Sustainability and finance are often at odds: how often is the most sustainable option also the cheapest option upfront? Many things that result in lower ongoing costs (both environmental and economic) require high initial investment.
This is something businesses have had to grapple with for years, particularly when trying to justify financial decisions to shareholders. Enter ‘sustainable finance’, which is seen as a tool to rapidly improve the environmental and social performance of business activities.
But what exactly do we mean by sustainable finance, and what’s it got to do with agriculture?
What is ‘Sustainable Finance’?
Broadly speaking, sustainable finance refers to financial services that take into account environmental, social and/or governance (ESG) considerations, resulting in lasting benefit for society, the planet, and those involved.
Some examples could be:
- An exchange-traded fund that only invests in renewable energy companies
- A superannuation fund implementing a policy to require consideration of metrics other than just financial return into their investment decisions (for example, climate risk), or requirements to divest from fossil fuels
- A loan programme that offers a discounted interest rate to borrowers who meet environmental metrics
- Green bonds, which provide investors a fixed return and are used to fund ‘green’ projects.
To many people, the world of finance is overwhelming (or just boring), but connecting ESG outcomes to capital is a transformative step forward in improving sustainability in the private sector.
What’s happening in New Zealand?
In 2019, the Aotearoa Circle(external link) launched its first project, the Sustainable Finance Forum. This group, comprised of representatives of banks, businesses, Māori, academia, and Government, was tasked with designing a roadmap to change New Zealand’s financial system to support economic, social and environmental outcomes and achieve our UN Sustainable Development Goals.

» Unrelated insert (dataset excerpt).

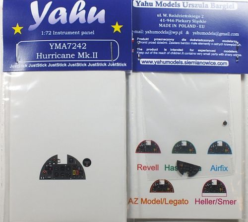 Hawker Hurricane Mk.I late & Mk.II Photoetched instrument panels. Coloured. Ready to fit in a model (JustStick) (designed to be used with FLY, Hasegawa, Hobby 2000 and Revell kits)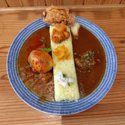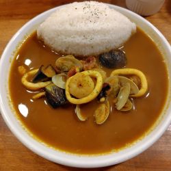 豆乳味噌仕立てとなってる豚バラと根菜のスープカレー良さげ笑

This forum evolved in 2021 into Toitū Tahua, the Centre for Sustainable Finance, which now has dedicated staff to ramp up this work. In addition to initiatives around inclusion and equity, impact investing, and education, there is the Sustainable Agriculture Finance Initiative (SAFI) – more on this later.

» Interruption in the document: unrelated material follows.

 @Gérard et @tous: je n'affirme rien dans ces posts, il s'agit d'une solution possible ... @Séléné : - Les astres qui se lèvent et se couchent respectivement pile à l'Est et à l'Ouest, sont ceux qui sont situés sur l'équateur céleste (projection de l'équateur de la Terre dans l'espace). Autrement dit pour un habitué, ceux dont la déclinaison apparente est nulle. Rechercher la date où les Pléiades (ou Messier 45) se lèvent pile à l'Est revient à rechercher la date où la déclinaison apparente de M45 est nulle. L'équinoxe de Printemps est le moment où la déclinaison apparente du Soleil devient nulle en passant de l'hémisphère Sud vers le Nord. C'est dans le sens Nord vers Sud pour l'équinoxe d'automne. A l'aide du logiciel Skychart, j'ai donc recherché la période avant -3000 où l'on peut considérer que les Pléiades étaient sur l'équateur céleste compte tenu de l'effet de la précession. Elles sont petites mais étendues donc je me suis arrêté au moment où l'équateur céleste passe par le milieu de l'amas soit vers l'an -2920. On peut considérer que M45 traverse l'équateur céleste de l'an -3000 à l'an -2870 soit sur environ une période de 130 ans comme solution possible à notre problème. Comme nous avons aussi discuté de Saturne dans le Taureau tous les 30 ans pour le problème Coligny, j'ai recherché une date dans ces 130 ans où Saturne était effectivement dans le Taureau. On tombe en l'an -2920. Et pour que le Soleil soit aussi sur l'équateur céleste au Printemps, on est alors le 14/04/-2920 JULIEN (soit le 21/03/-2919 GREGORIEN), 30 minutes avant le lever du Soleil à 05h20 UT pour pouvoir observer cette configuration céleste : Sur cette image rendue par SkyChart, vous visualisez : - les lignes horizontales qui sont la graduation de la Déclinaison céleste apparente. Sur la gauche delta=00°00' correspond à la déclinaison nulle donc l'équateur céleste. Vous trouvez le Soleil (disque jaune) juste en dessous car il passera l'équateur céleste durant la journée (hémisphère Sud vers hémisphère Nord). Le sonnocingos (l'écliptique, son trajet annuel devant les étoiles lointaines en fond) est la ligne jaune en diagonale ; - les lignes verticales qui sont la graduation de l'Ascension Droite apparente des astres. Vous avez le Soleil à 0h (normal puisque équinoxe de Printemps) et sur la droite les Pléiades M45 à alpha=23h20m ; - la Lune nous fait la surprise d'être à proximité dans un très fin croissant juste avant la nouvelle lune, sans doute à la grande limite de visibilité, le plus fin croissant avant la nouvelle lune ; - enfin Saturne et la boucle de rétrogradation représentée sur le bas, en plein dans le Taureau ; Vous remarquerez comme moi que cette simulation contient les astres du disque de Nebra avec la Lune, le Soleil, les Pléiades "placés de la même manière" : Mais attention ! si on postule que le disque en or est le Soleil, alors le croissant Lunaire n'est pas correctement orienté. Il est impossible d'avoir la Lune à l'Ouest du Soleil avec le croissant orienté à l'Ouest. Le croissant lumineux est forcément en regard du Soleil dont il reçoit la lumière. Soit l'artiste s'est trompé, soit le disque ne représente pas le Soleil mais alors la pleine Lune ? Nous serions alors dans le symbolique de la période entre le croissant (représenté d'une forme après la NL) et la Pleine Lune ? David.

Other organisations such as Mindful Money and the Ākina Foundation are helping to bring sustainable finance into the mainstream. The New Zealand Government is working on sustainable finance too, setting up New Zealand Green Investment Finance (a ‘green’ investment bank) and is planning on issuing sovereign green bonds(external link) next year.
What’s this got to do with farming/growing in New Zealand?
So, back to SAFI. The steering group for this initiative included members of Toitū Tahua and MPI, along with the main rural lenders in New Zealand: ANZ, ASB, BNZ, Westpac, and Rabobank. The goal of SAFI was to develop guidance for sustainable agriculture finance (i.e. define the metrics and practices that determine what ‘sustainable’ farming or growing looks like).
The first SAFI frameworks are now in place(external link) , allowing banks to align their sustainable finance offerings with standardised guidance. This guidance allows for alignment with existing standards, to minimise the amount of separate certifications a farm may need to apply for this type of funding.
The first initiatives aligned with SAFI are sustainability-linked loans (SLLs). AsureQuality is supporting BNZ in their SLL offering, which began as a pilot with Southern Pastures. We’re also conducting on-farm verification for Toitū certification of Pāmu farms, a requirement of their SLL with Westpac. There is much activity in this area, and both ANZ and ASB also have existing SLL offerings.
On top of these offerings, initiatives such as Calm the Farm(external link) have been created to help farmers transition to regenerative farming practices. This is facilitated through transition finance and gathering metrics for impact investing in farms.
Undoubtedly we’ll see more sustainability-linked loans in the food and farming sectors in 2022, and it will be fascinating to see what other types of sustainable finance arise.
It would not be surprising to see further ways of allowing consumers and small ‘mum and dad’ investors to participate, using their money to fund farm conversions to more sustainable practices, expand on-farm carbon plantings, and trialling of new sustainable products.
Many farmers and growers are aware of environmental, social and governance improvements they could make to their systems. Now, sustainable finance offers a clear pathway for them to fund action, and see the economic benefits of improved sustainability. The future of farming is bright, and sustainable finance is an exciting part of moving the sector forward.